AI boosts accuracy in stellar classification efforts

AI boosts accuracy in stellar classification efforts
by Simon Mansfield
Sydney, Australia (SPX) Mar 25, 2025

AI tools are revolutionizing the way astronomers study celestial bodies, offering new levels of precision and automation in classifying stars. A global research collaboration recently demonstrated how deep learning algorithms and large language models can efficiently and accurately categorize stars based on their light curves. The findings, published on February 26 in *Intelligent Computing*, are detailed in a study titled "Deep Learning and Methods Based on Large Language Models Applied to Stellar Light Curve Classification."

Central to the research is the StarWhisper LightCurve series, a set of three AI-powered models developed to process and classify variable stars from light curve data.
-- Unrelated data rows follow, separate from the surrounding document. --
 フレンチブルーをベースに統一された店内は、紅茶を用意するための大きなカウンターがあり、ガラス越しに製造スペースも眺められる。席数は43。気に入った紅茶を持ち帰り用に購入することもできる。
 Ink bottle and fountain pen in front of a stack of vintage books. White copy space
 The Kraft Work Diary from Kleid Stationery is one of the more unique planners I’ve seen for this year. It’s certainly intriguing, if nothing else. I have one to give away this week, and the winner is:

These models utilize automated deep learning techniques, which autonomously adjust key training parameters such as learning rate, batch size, and model complexity, thereby reducing the need for manual adjustments.

Researchers trained the models using light curve data obtained from NASA's Kepler and K2 missions. The dataset primarily included five major types of variable stars, along with a smaller subset of rare star types to enhance the models' versatility.
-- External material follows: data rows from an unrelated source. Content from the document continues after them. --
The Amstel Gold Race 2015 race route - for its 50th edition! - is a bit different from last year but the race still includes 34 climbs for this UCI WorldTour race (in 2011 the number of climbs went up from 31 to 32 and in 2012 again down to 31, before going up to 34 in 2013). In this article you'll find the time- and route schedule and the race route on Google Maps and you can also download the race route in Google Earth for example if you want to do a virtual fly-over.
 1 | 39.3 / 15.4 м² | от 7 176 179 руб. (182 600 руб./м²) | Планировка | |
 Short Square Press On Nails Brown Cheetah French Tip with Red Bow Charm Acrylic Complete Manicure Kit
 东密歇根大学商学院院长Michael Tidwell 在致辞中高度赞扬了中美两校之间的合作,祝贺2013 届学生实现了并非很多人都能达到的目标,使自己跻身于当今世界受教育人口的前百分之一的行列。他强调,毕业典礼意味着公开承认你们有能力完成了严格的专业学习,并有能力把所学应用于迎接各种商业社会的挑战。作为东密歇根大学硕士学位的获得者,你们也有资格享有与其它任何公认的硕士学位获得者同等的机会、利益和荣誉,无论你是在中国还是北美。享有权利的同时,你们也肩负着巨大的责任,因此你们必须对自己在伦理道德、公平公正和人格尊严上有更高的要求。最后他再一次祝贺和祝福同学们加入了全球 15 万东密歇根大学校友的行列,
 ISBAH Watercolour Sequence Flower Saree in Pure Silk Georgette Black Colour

In performance evaluations, the AI models demonstrated high accuracy in categorizing different types of variable stars. Among them, the Conv1D + BiLSTM model, which merges convolutional neural networks with bidirectional long short-term memory layers, achieved a 94% accuracy rate. Meanwhile, the Swin Transformer, an advanced model derived from natural language processing transformers, attained a 99% accuracy rate.

One of the study's highlights was the Swin Transformer's ability to identify Type II Cepheid stars-a rare form of pulsating star constituting only 0.02% of the dataset-with 83% accuracy.

Despite its superior accuracy, the Swin Transformer requires extensive preprocessing, including converting light curves into image format. In contrast, the StarWhisper LightCurve models achieved close to 90% accuracy while requiring minimal human intervention, thereby streamlining data processing and enabling scalable, parallel analysis. This efficiency supports the development of multi-modal AI tools in astronomical research.

The StarWhisper LightCurve suite comprises three large language models tailored to different formats of astronomical data:

- A text-based model built on Gemini 7B, optimized for time-series data classification.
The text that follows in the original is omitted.